Data extracted from a collection
----------------

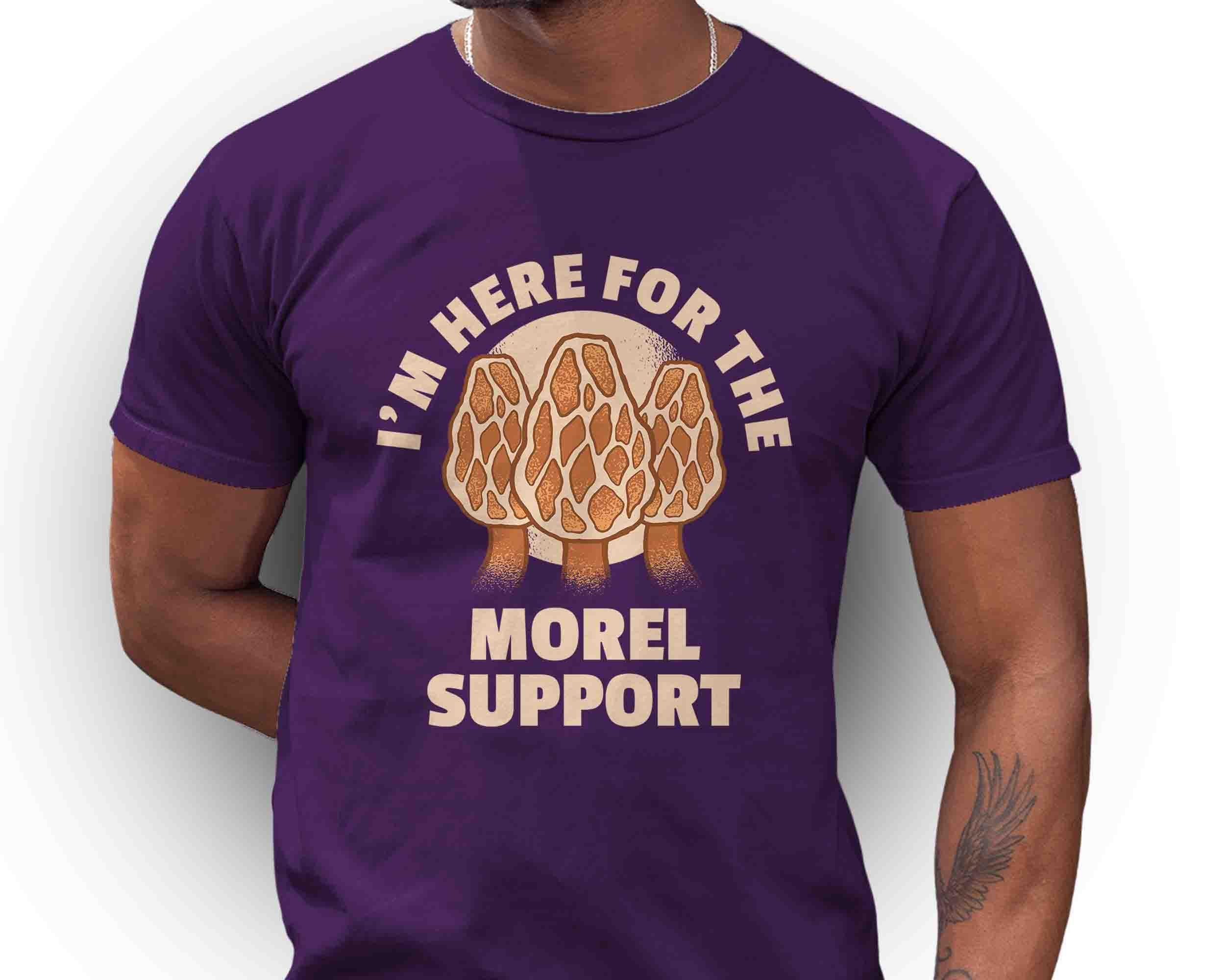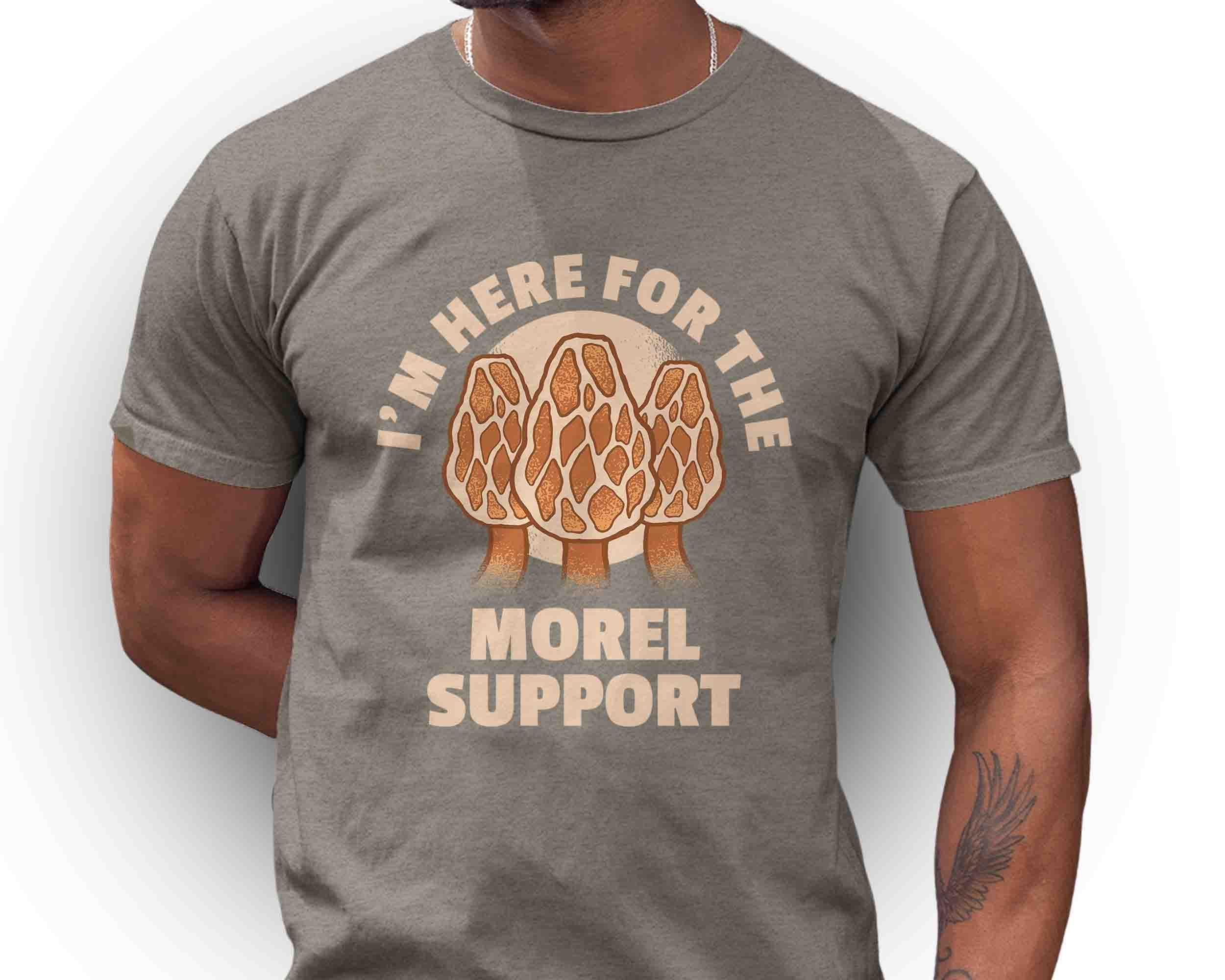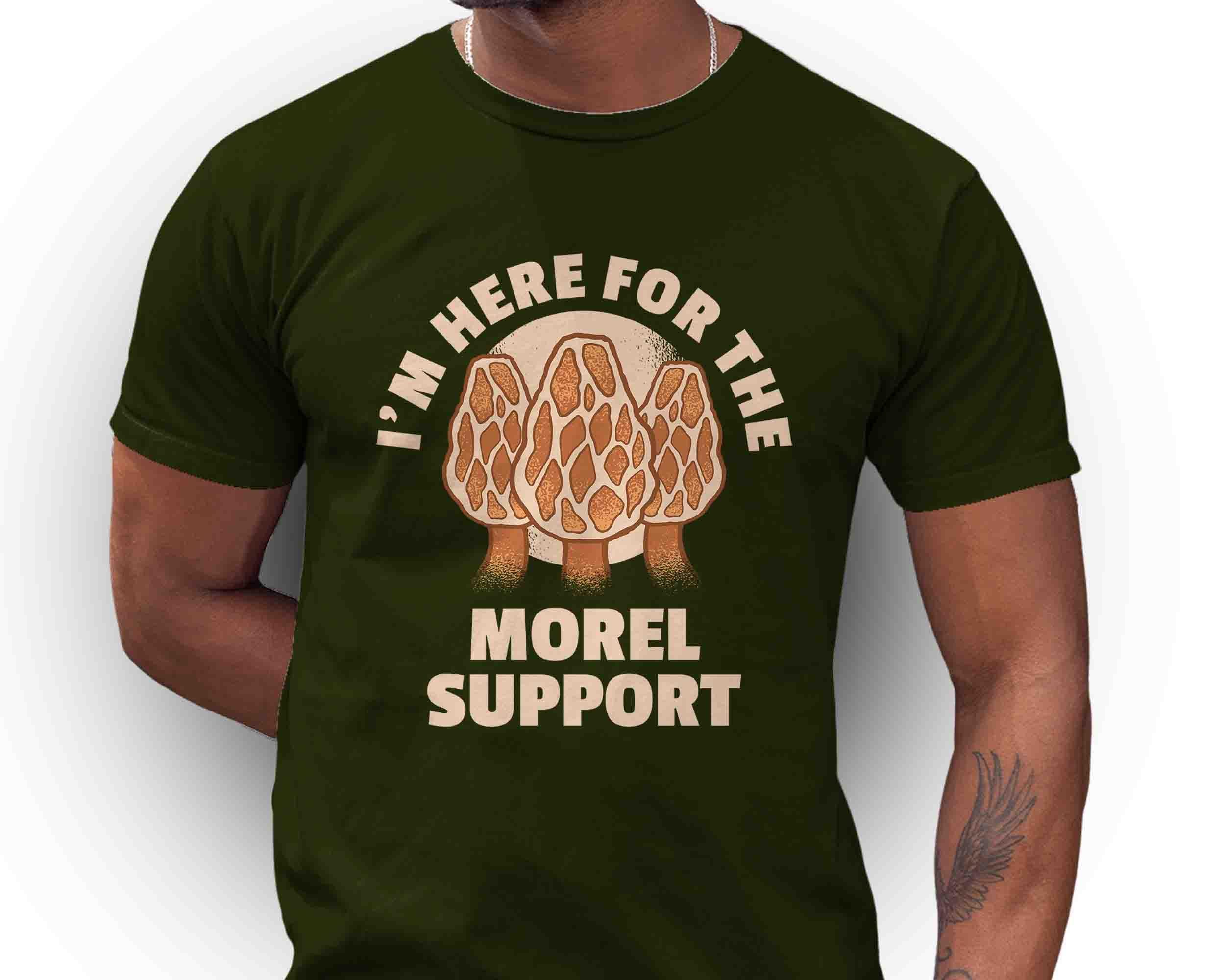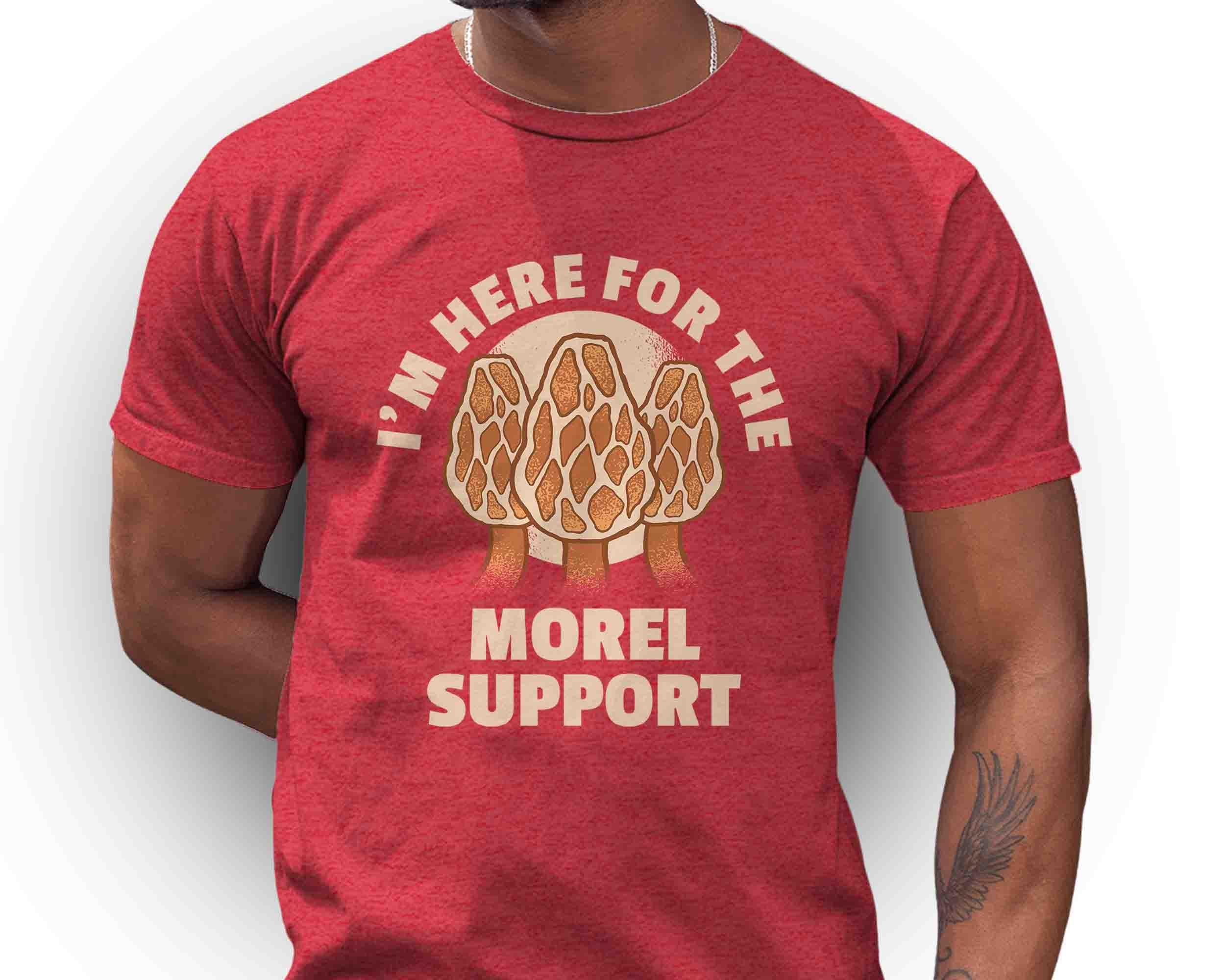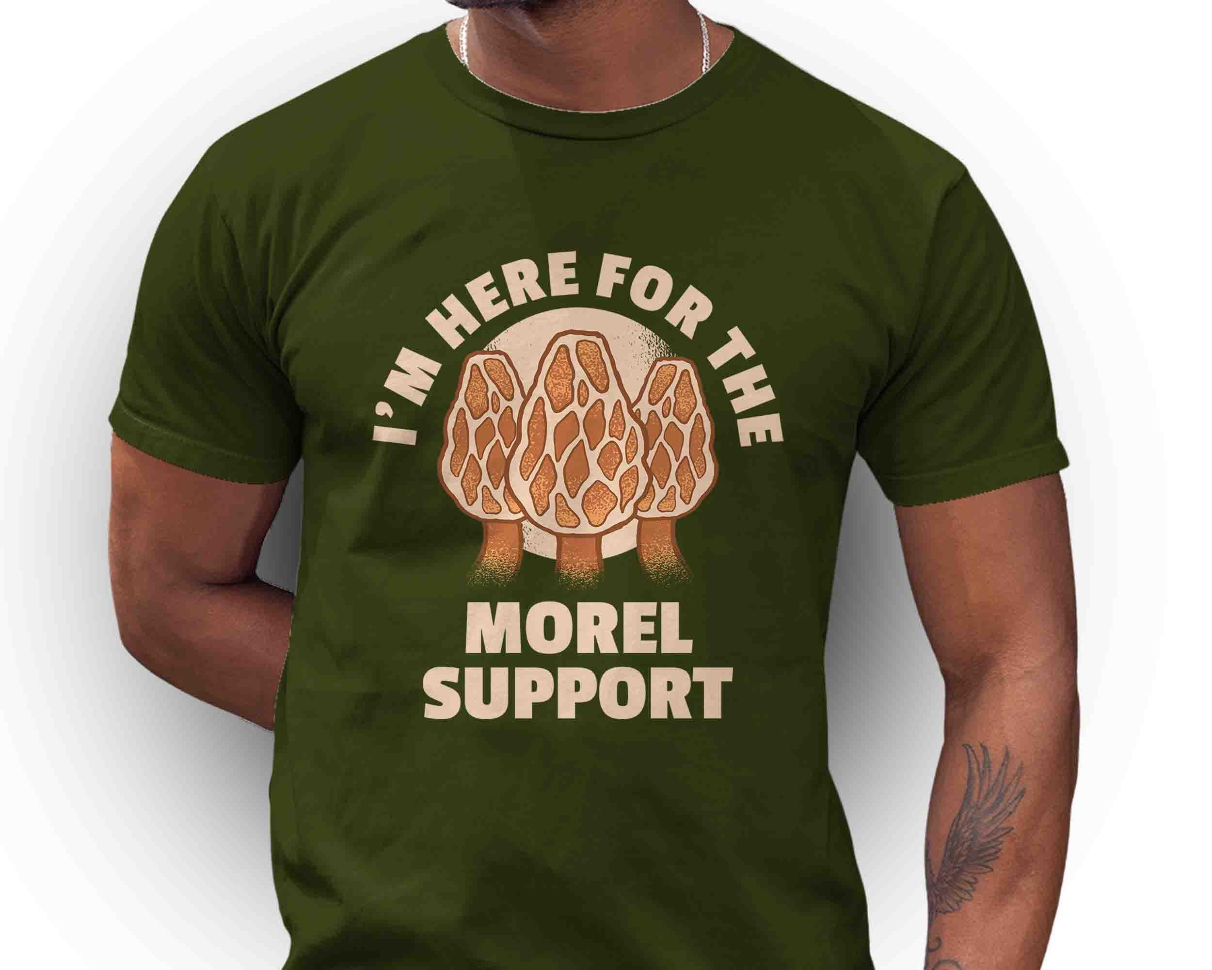 Bring your sense of humor to the hunt with our “I'm Here For The Morel Support” T-shirt! 🍄 Perfect for mushroom lovers, nature explorers, and anyone who appreciates a good fungi pun. Featuring hand-drawn morel mushrooms and bold vintage lettering, this tee is soft, witty, and made for adventure - from forest trail foragers to farmers markets.
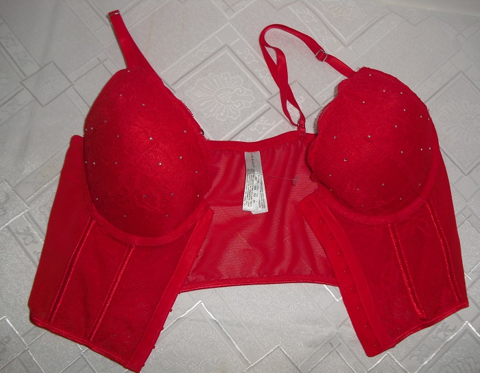 predam nadhernu cervenu podprsenku, korzetova luxusna, znackova primark. velkost uvedena 80 b, je nadhernom vybornom stave, zapina sa v predu na haciky co je velka vyhoda. kosicky s kosticami, jemna vystuz spodna vnutorna. ramienka ma posuvatelne. zdobena kamienkami. sirka pod poprsim , ked je rozopnuta 69 cm az 78 cm.
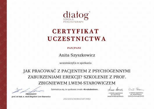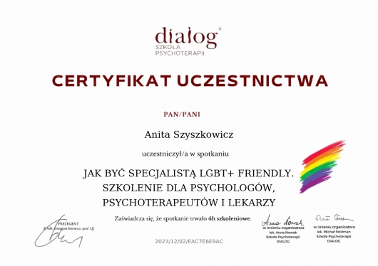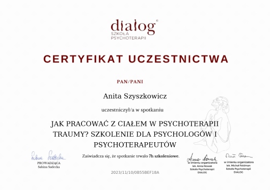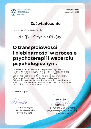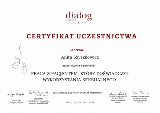 Bardzo polecam Pania Anite. Duzy stress przed spotkaniem naturalnie ale bardzo szybko poczulam sie komfortowo. Bardzo polecam jesli boisz sie podjac ten pierwszy krok tak jak ja to Pani Anita napewno ma super podejscie dziekuje!
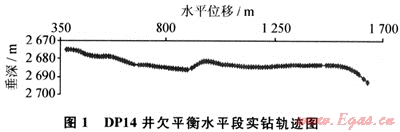 4) 在水平段欠平衡鉆井過程中采用EMWD,實(shí)現(xiàn)了水平段軌跡隨鉆測(cè)量和實(shí)時(shí)調(diào)整,圖1給出了DP14井欠平衡水平段實(shí)鉆軌跡。
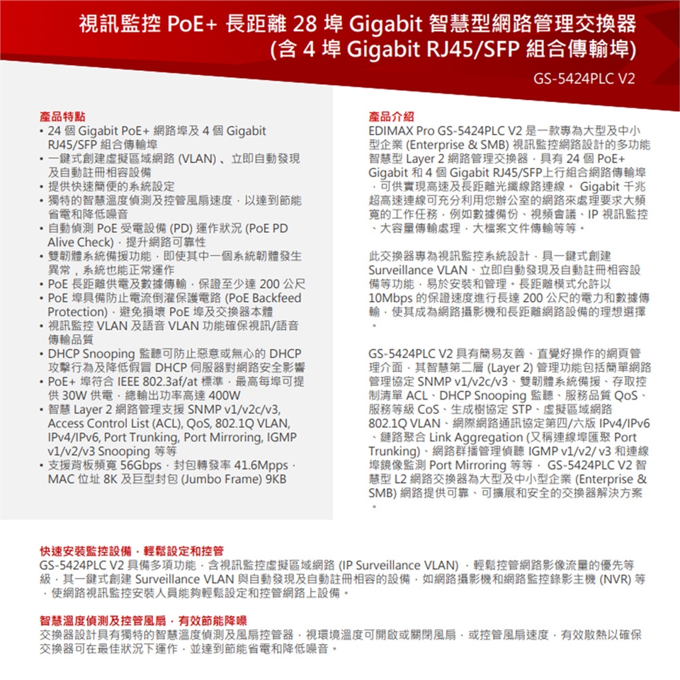 • 24個 Gigabit PoE+ 網路埠及 4 個 Gigabit
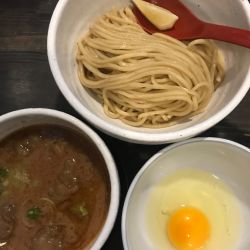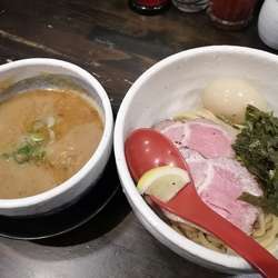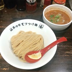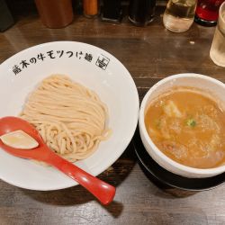 創業以来ファンを虜(とりこ)にする“牛モツつけ麺”──濃厚魚介とんこつに極太ちぢれ麺、プリッとモツの三重奏で知られる一杯である。
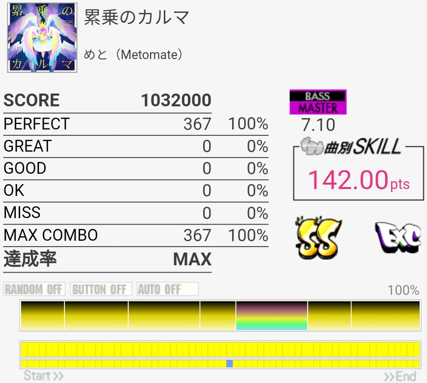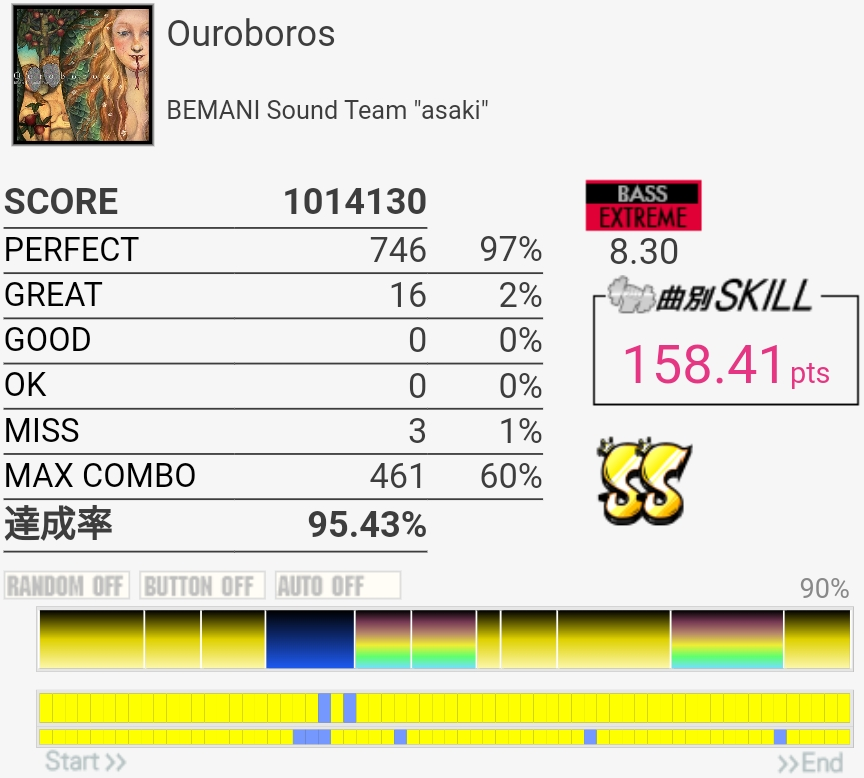 SS取得。速めの4個切り替えオルタが何回も来るけどYから戻るときがめっちゃ怖い。

----------------

Work required: Set each line of the records down exactly, leaving every picture out.

Task result:
 Bring your sense of humor to the hunt with our “I'm Here For The Morel Support” T-shirt! 🍄 Perfect for mushroom lovers, nature explorers, and anyone who appreciates a good fungi pun. Featuring hand-drawn morel mushrooms and bold vintage lettering, this tee is soft, witty, and made for adventure - from forest trail foragers to farmers markets.
 predam nadhernu cervenu podprsenku, korzetova luxusna, znackova primark. velkost uvedena 80 b, je nadhernom vybornom stave, zapina sa v predu na haciky co je velka vyhoda. kosicky s kosticami, jemna vystuz spodna vnutorna. ramienka ma posuvatelne. zdobena kamienkami. sirka pod poprsim , ked je rozopnuta 69 cm az 78 cm.
 Bardzo polecam Pania Anite. Duzy stress przed spotkaniem naturalnie ale bardzo szybko poczulam sie komfortowo. Bardzo polecam jesli boisz sie podjac ten pierwszy krok tak jak ja to Pani Anita napewno ma super podejscie dziekuje!
 4) 在水平段欠平衡鉆井過程中采用EMWD,實(shí)現(xiàn)了水平段軌跡隨鉆測(cè)量和實(shí)時(shí)調(diào)整,圖1給出了DP14井欠平衡水平段實(shí)鉆軌跡。
 • 24個 Gigabit PoE+ 網路埠及 4 個 Gigabit
 創業以来ファンを虜(とりこ)にする“牛モツつけ麺”──濃厚魚介とんこつに極太ちぢれ麺、プリッとモツの三重奏で知られる一杯である。
 SS取得。速めの4個切り替えオルタが何回も来るけどYから戻るときがめっちゃ怖い。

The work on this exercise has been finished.